2. Related Art Statement
An ultrasonic diagnostic apparatus is put into practical use for obtaining a biogenic tomogram by irradiating an ultrasonic pulse in vivo and receiving a reflection wave from a biogenic tissue. In particular, an ultrasonic endscope is used for diagnosing a phenomenally-undecided case by inserting the ultrasonic endoscope into the celom.

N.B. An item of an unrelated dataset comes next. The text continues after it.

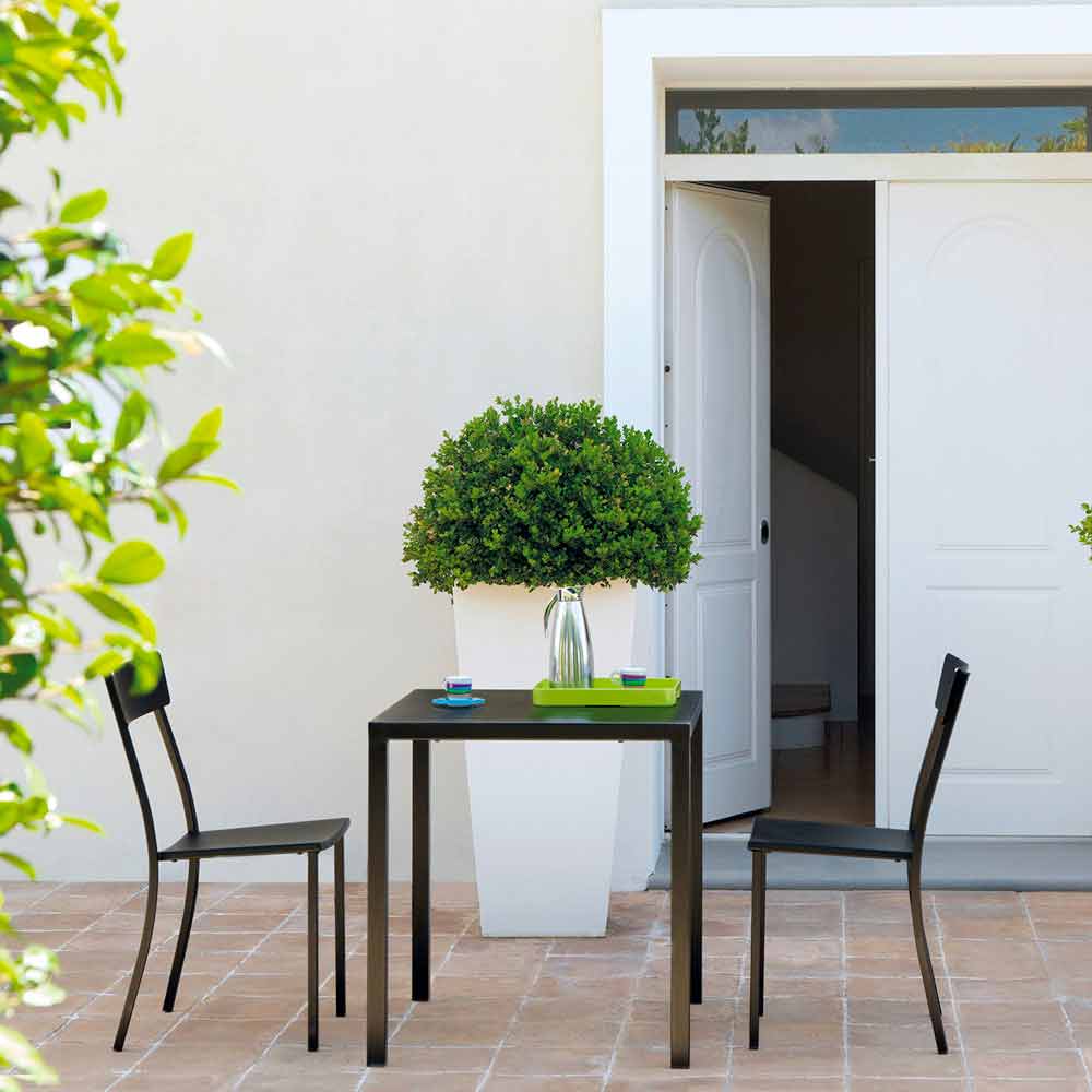 Vierkante buitentafel van gepoedercoat gegalvaniseerd ijzer, zelfnivellerend en stapelbaar, Made in Italy.

FIG. 8 is a block diagram showing the configuration of a conventional ultrasonic diagnostic apparatus of a mechanical scanning system. A motor drive circuit 102 controlled by a controller 101 drives a motor 103, thereby rotating a transducer 104. The rotation of the transducer 104 causes the controller 101 to capture a timing signal indicating a rotational position of the motor 103 which is outputted from a position detecting circuit 105 comprising an encoder, etc. Based on the timing signal, the controller 101 controls a transmission signal generator 106 and a transmitting amplifier 107, and the transducer 104 connected to the transmitting amplifier 107 emits an ultrasonic pulse.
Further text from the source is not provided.